Thank you so much in advance!
Verify each identity. Work one side (the harder side) Please show me the work
sin θ +cos θ cot θ= csc θ
Cos^2 θ + 1 =2cos^2 θ +sin^2 θ
sin T + cos T cot T
sin T + cos T cos T/sin T
(sin^2 T + cos^2 T ) /sin T
1/sin T
which is csc T
=============================
LOL, subtract cos^2 T from both sides
1 = cos^2 T + sin^2 T
what else is new :)
To verify the given identities, we need to manipulate one side of the equation to make it equal to the other side. Let's start with the first identity:
sin θ + cos θ cot θ = csc θ
To work on the harder side, let's simplify the right-hand side (RHS) of the equation.
RHS = csc θ
Using the reciprocal identity, csc θ = 1/sin θ, we can rewrite the RHS:
RHS = 1/sin θ
Now, let's focus on the left-hand side (LHS) of the equation and manipulate it to match with the RHS.
LHS = sin θ + cos θ cot θ
We can rewrite cot θ as cos θ/sin θ using the reciprocal identity, cot θ = cos θ/sin θ:
LHS = sin θ + cos θ * (cos θ/sin θ)
Now, let's simplify the expression on the LHS:
LHS = sin θ + (cos^2 θ / sin θ)
Next, we need to find the common denominator between sin θ and cos^2 θ. The common denominator is sin θ, so let's multiply the first term by cos^2 θ / cos^2 θ:
LHS = (sin θ * cos^2 θ / cos^2 θ) + (cos^2 θ / sin θ)

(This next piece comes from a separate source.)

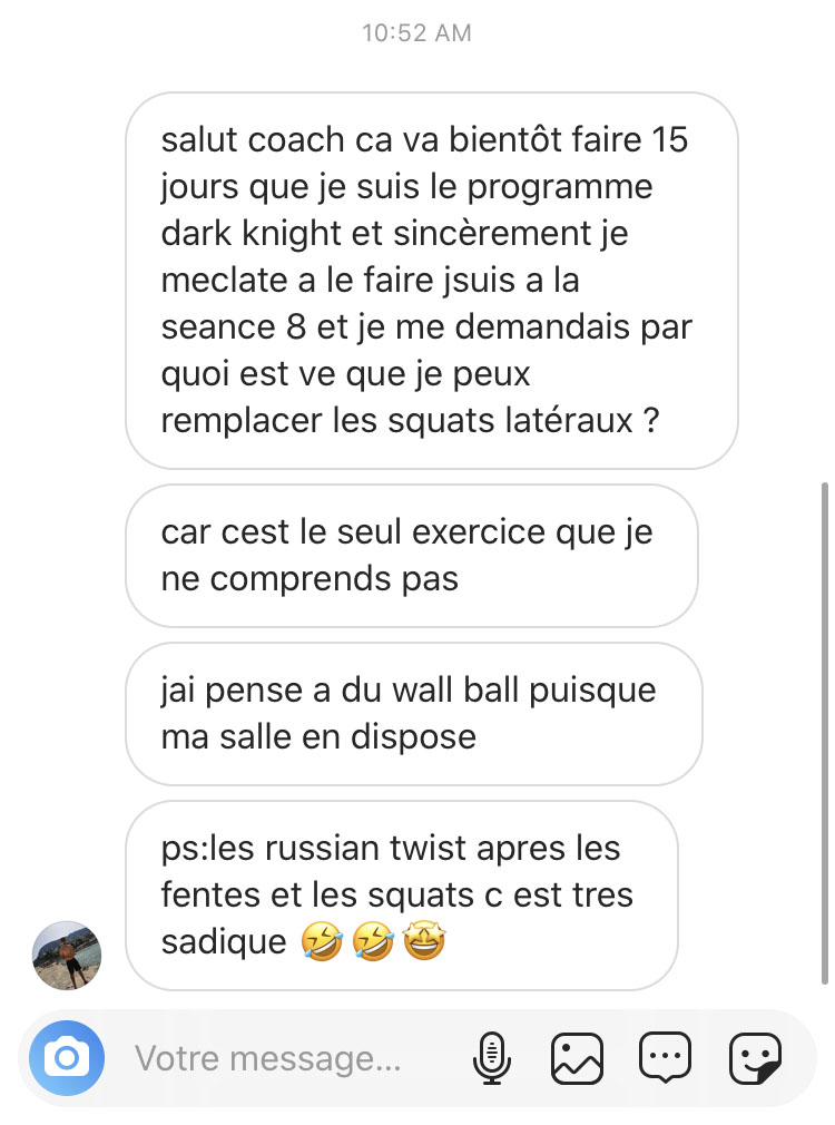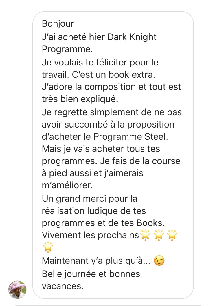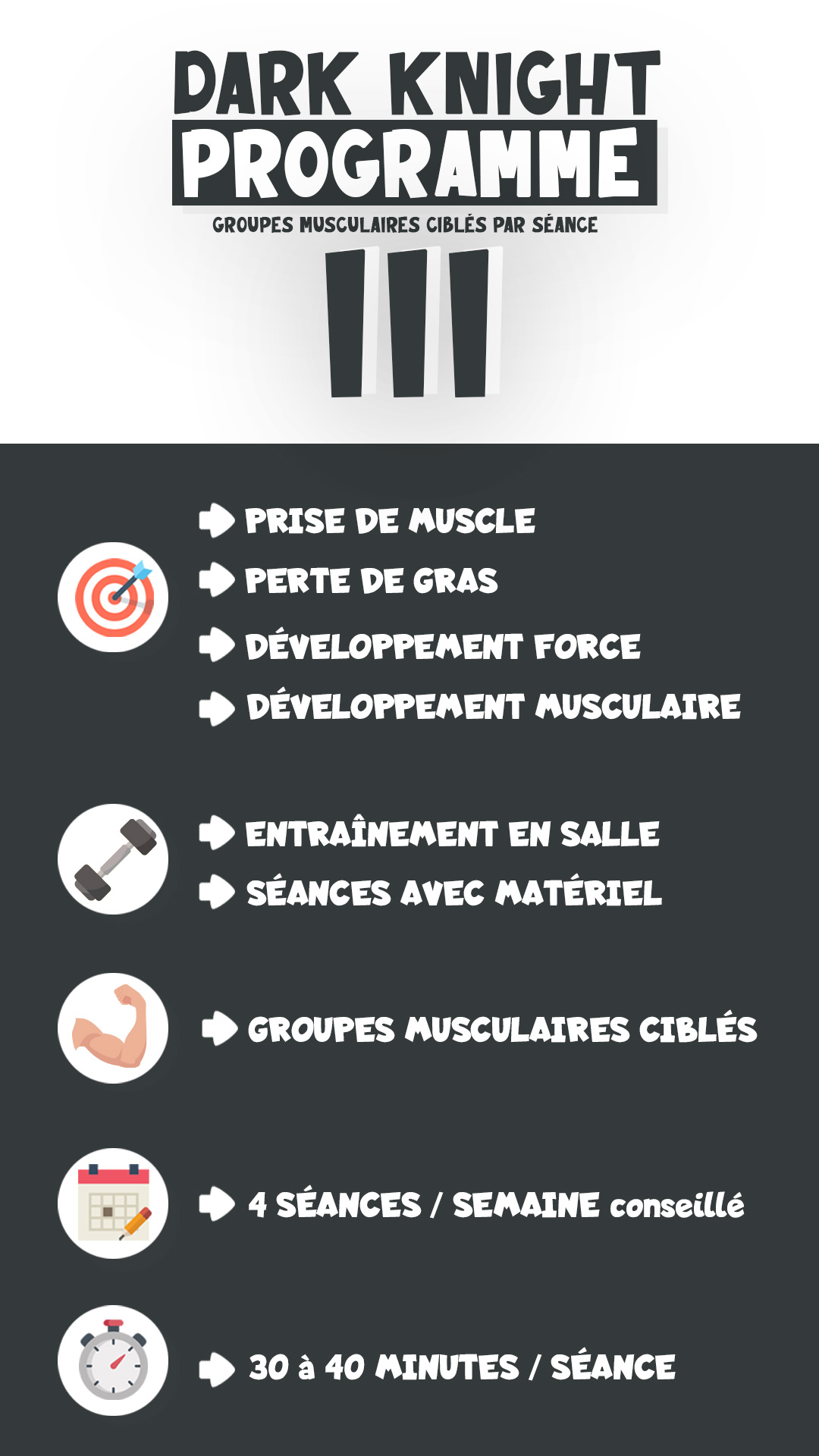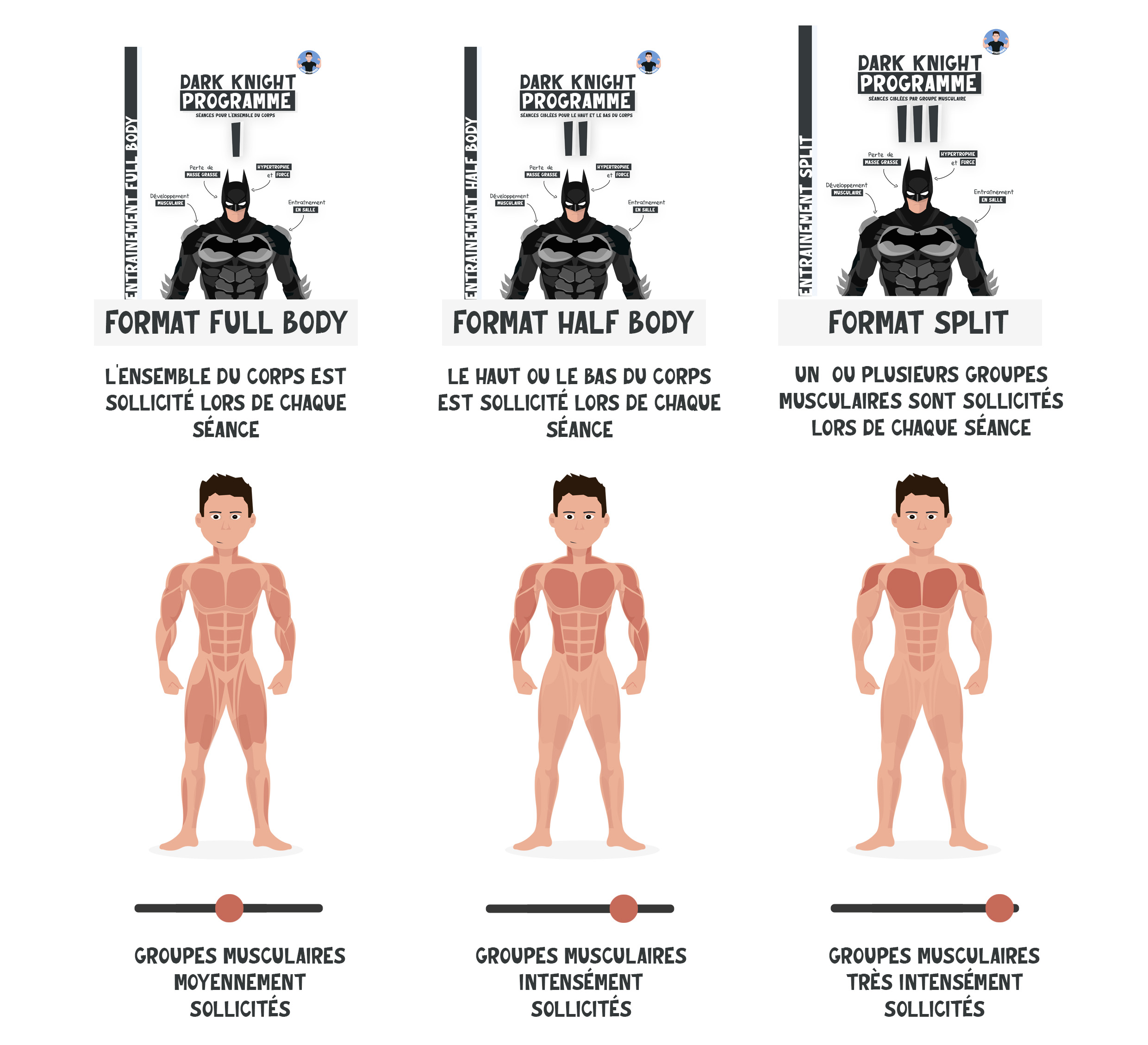 Dark Knight Programme I propose des séances qui sollicitent l’ensemble des groupes musculaires du corps (full body) : les groupes musculaires sont alors moyennement sollicités lors de chaque séance.

Now, let's simplify further:
LHS = (sin θ * cos^2 θ + cos^2 θ) / cos^2 θ * sin θ
Now, factor out cos^2 θ from the numerator:
LHS = (cos^2 θ * (sin θ + 1)) / cos^2 θ * sin θ
Finally, cancel out the cos^2 θ terms in the numerator and denominator:
LHS = (sin θ + 1) / sin θ
Now, we can see that the LHS matches the RHS, which means the identity is valid.

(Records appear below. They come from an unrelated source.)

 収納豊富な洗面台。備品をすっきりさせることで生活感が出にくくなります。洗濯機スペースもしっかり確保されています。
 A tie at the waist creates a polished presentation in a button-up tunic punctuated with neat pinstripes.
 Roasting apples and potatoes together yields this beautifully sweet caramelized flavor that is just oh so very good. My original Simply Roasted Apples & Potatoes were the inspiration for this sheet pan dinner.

sin θ + cos θ cot θ = csc θ is verified.
Let's move on to the second identity:
cos^2 θ + 1 = 2cos^2 θ + sin^2 θ
We'll work on the harder side, which is the left-hand side (LHS):
LHS = cos^2 θ + 1
To simplify this expression, let's subtract 2cos^2 θ from both sides:
LHS - 2cos^2 θ = cos^2 θ + 1 - 2cos^2 θ
Simplifying further:
LHS - 2cos^2 θ = 1 - cos^2 θ
Now, let's rewrite the right-hand side (RHS) using the trigonometric identity, sin^2 θ + cos^2 θ = 1:
RHS = sin^2 θ + cos^2 θ = 1
Substituting back into the equation:
LHS - 2cos^2 θ = RHS
cos^2 θ + 1 - 2cos^2 θ = 1
Next, let's combine like terms on the left-hand side:
-cos^2 θ - cos^2 θ + 1 = 1
Simplifying further:
-2cos^2 θ + 1 = 1
Now, subtract 1 from both sides:
-2cos^2 θ = 0
Next, divide both sides by -2 to solve for cos^2 θ:
cos^2 θ = 0
Taking the square root of both sides:
cos θ = ±√0
Since the square root of 0 is 0, we have two solutions:
cos θ = 0
Now, we can use these solutions to verify the identity. Plugging in cos θ = 0 into both sides of the equation:
LHS = cos^2 θ + 1
LHS = 0^2 + 1
LHS = 0 + 1
LHS = 1
RHS = 2cos^2 θ + sin^2 θ
RHS = 2(0^2) + sin^2 θ
RHS = 2(0) + sin^2 θ
RHS = 0 + sin^2 θ
RHS = sin^2 θ
As the LHS equals 1 and the RHS equals sin^2 θ, it is clear that the identity is not valid for all values of θ. The identity only holds true when cos θ = 0.
I hope this explanation helps you verify the given identities!